The government has employed so-called National Consultations, sending questionnaires to citizens that survey their opinions on government policy and legislation while pushing the Fidesz governments' ideology and agenda with suggestive questions (e.g. by referring to a supposed "Soros plan" to "convince Brussels to resettle at least one million immigrants from Africa and the Middle East annually on the territory of the European Union, including Hungary", that this "is part of the Soros plan to launch political attacks on countries objecting to immigration and impose strict penalties on them", and asking citizens whether they agree, or blasting "Brussels bureaucrats" in a consultation about family policy). On other occasions, such as just prior to elections, the government sent letters notifying citizens that it will reduce their gas payments by €38, or sent pensioners gift vouchers.
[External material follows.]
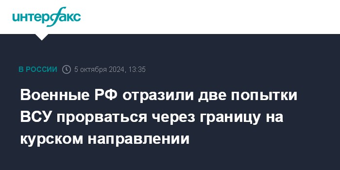 Военные РФ отразили две попытки ВСУ прорваться через границу на курском направлении

The Fidesz government has also carried out taxpayer-funded "information campaigns", or "national messaging initiatives", that have denounced supposed enemies of Hungary with budgets of tens of millions of euros per year.

Youth wing

In December 2005 the Congress of Fidesz established the Fidesz Youth Section ("Fidelitas") as a division within the party gathering all members below the age of 30. The chairman of Fidesz Youth Section was Dániel Loppert until 2011. The current chairman is Áron Veress. The Fidesz Youth Section is member of European Democrat Students (EDS) and observer member in the Democrat Youth Community of Europe (DEMYC).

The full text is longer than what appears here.